With regard to Discover’s tax information policies, the consent order alleges that Discover did not provide borrowers with Forms 1098-E unless the borrowers had first submitted Forms W-9S certifying that their student loans were used exclusively for qualified higher-education expenses. Discover did not send Forms W-9S to borrowers without a Form W–9S on file, and only a message at the bottom of October and November account statements informed borrowers of Discover’s requirements. According to the CFPB, these practices resulted in Discover representing to more than 156,000 borrowers that they had not paid deductible student loan interest, and it likely resulted in many of those borrowers failing to realize the tax benefits associated with their student loans.

With regard to overstating minimum payments, the consent order alleges that Discover misrepresented minimum payment by including in borrowers’ online and paper account statements “interest accrued on loans that were still in deferment and thus not required to be paid.” According to the CFPB, Discover’s inclusion of interest accrued on loans still in deferment led to substantial overstatements in nearly 30,000 account statements sent to nearly 7,000 borrowers.

Finally, the consent order accuses Discover of placing more than 150,000 collection calls to borrowers’ cell phones before 8 a.m. or after 9 p.m., and it alleges that, when Discover made initial telephone contact with approximately 252 borrowers, it did not provide them with specific information regarding the source of their debt or their right to contest its validity, in violation of the FDCPA.

Based on the CFPB’s accusations, the consent order restrains Discover from the following:

  • Placing any calls to borrowers before 8 a.m. or after 9 p.m. as determined by both the time zone of the consumer’s home address and the time zone of the consumer’s phone number. (For consumers with home addresses and phone numbers in different time zones, Discover must ensure that telephone calls to those borrowers fall within the 8 a.m. to 9 p.m. window in both locations.)
  • Failing to comply with the FDCPA’s initial contact requirements.
  • Misrepresenting a minimum periodic payment, the amount of interest paid by a borrower, or “any other fact material to consumers concerning the servicing of their loans.”

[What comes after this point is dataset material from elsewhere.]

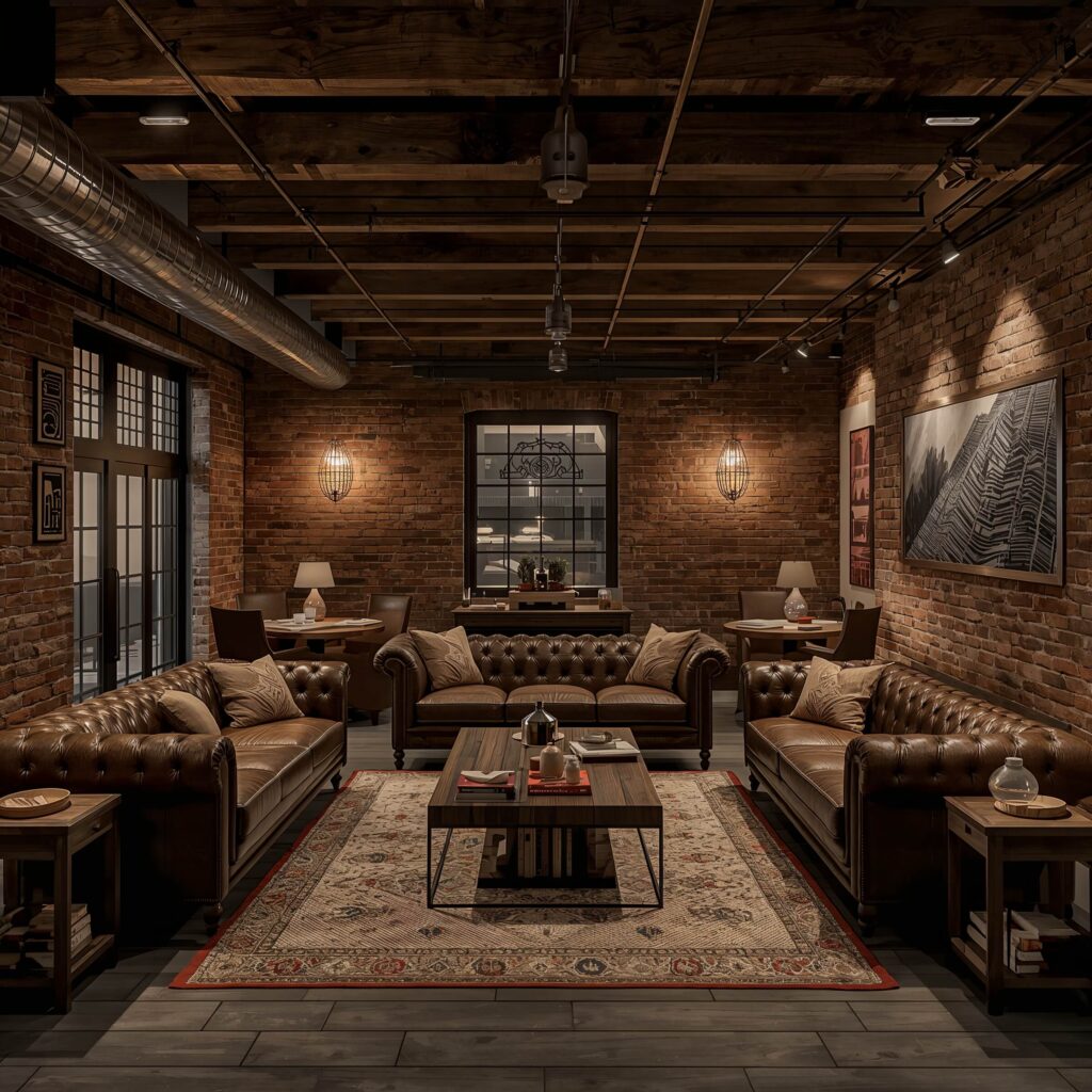 Just because we’re going industrial doesn’t mean we’re sacrificing comfort. Leather furniture works incredibly well here. I found a worn leather couch at an estate sale that looked like it belonged in a prohibition-era speakeasy. Paired with some plaid throw pillows and a vintage area rug, the space feels both masculine and inviting.

It then orders Discover to take the following actions:

  • Send each borrower without a Form W-9S on file a copy of the form to complete along with a letter clearly explaining that Discover requires the form to issue a Form 1098-E.
  • Provide a system by which borrowers can submit Forms W-9S electronically.
  • Provide “clear and prominent” disclosures on its website, account statements and other notices that each borrower must complete and furnish a Form W-9S before Discover will issue a Form 1098-E.

Finally, the consent order requires Discover to set aside $16 million to provide certain borrowers: (1) free tax consultation, free tax amendment services and subsidized tax preparation services; (2) up to $150 in account credit or cash to each borrower who did not participate in certain tax programs; (3) up to $500 to each borrower who overpaid his or her student loan account; and (4) up to $142 per call for each borrower who received collection calls before 8 a.m. or after 9 p.m. If there are any funds remaining after Discover makes these payments, it must remit them to the CFPB, and the consent order also requires Discover to pay a $2.5 million civil penalty.

The consent order’s severity, coupled with the CFPB’s request for information regarding student loan servicing practices, indicates that the CFPB is taking a hard look at student loan servicers right now, and the CFPB is likely examining other student loan servicers’ practices. It is also very likely that the CFPB will announce extensive student loan servicing regulations in the coming months, and the CFPB’s July 22, 2015, consent order undoubtedly provides a preview of their content. Accordingly, student loan servicers would be well-advised to take a hard look at the consent order and implement its requirements before they, too, find themselves under investigation.